Problem description:
With the pictures left out, retype exactly the lines below starting at the line that contains "A classic car" and ending at the line that contains "and successor, King's".

(Data supplied Opens)

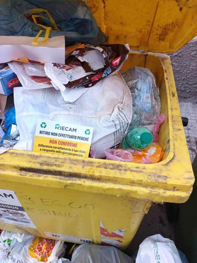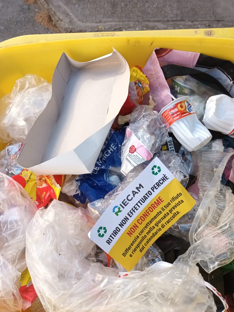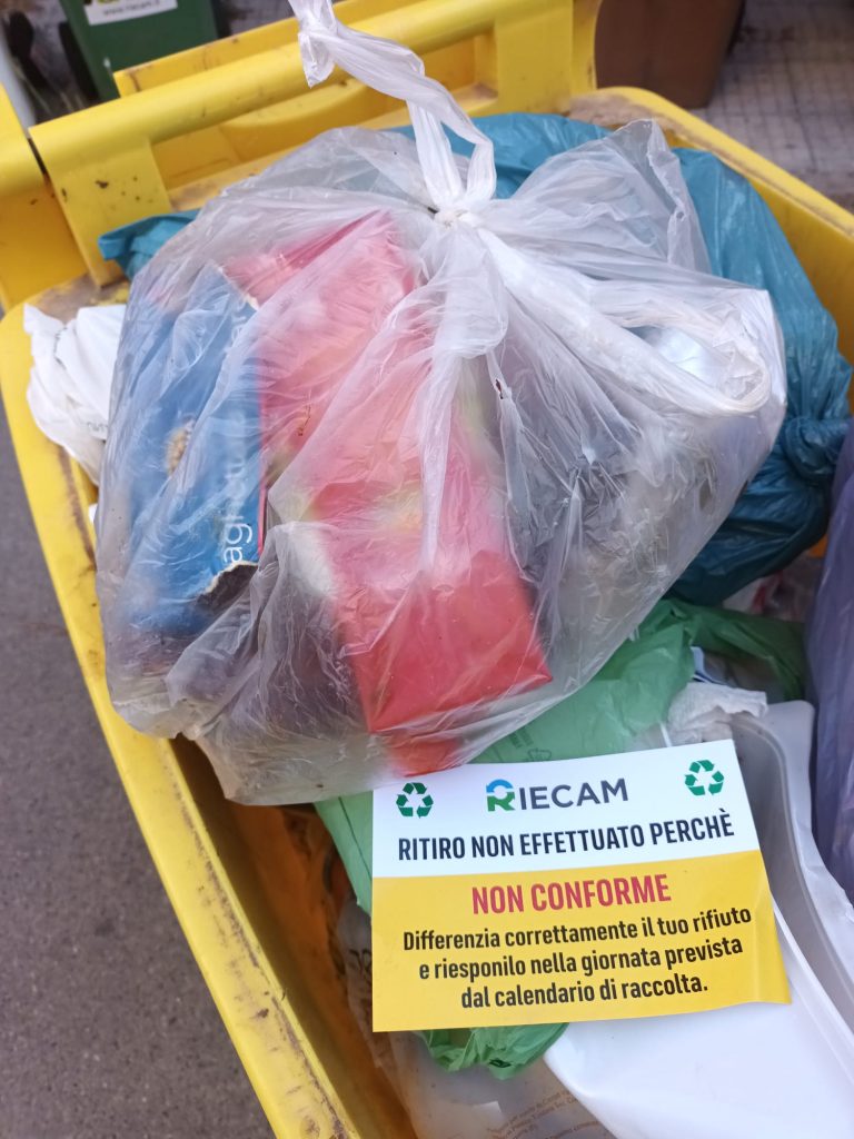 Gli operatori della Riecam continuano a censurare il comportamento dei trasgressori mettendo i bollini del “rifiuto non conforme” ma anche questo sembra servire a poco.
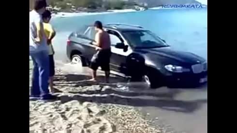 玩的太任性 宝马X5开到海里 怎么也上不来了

(Data supplied Closes)
(Data supplied Opens)

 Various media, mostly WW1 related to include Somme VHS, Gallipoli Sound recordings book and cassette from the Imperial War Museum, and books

(Data supplied Closes)
(Data supplied Opens)

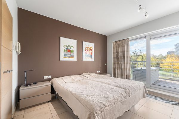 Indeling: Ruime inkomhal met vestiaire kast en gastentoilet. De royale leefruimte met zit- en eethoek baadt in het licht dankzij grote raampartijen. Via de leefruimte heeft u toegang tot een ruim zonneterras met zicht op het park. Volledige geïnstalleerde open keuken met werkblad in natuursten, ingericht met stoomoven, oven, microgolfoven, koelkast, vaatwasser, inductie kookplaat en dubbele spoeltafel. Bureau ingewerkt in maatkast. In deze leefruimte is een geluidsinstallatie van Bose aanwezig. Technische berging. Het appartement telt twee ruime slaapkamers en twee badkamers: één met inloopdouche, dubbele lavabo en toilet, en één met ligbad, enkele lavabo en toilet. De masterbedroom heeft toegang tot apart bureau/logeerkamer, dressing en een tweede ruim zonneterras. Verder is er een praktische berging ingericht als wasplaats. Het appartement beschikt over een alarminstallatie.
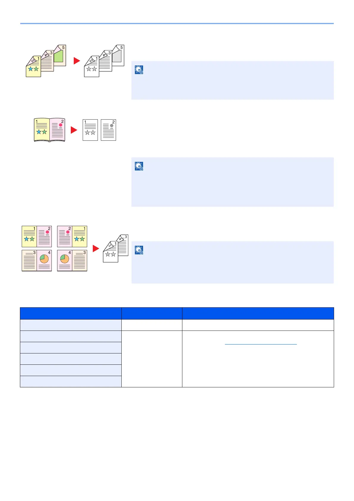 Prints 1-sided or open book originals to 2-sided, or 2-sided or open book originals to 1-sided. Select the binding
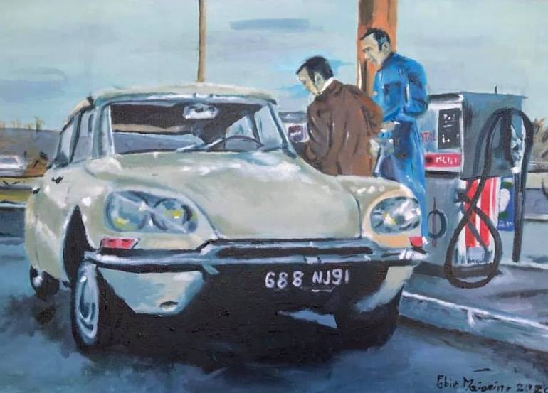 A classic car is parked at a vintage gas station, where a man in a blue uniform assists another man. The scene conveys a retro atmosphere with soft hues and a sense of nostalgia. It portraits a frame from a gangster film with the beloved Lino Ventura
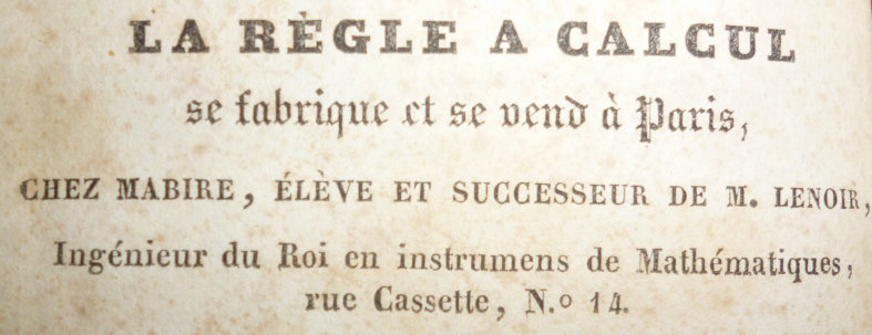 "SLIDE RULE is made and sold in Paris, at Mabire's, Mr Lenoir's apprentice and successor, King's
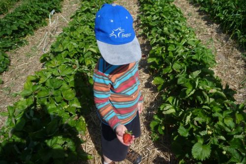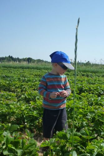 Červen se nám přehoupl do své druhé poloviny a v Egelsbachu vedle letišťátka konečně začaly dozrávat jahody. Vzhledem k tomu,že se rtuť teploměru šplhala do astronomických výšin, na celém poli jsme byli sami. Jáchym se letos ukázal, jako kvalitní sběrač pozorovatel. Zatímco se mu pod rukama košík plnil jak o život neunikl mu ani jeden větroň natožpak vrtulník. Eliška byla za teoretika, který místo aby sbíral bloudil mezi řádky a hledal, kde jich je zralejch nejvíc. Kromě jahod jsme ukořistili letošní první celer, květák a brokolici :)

(Data supplied Closes)

Your solution:
 A classic car is parked at a vintage gas station, where a man in a blue uniform assists another man. The scene conveys a retro atmosphere with soft hues and a sense of nostalgia. It portraits a frame from a gangster film with the beloved Lino Ventura
 "SLIDE RULE is made and sold in Paris, at Mabire's, Mr Lenoir's apprentice and successor, King's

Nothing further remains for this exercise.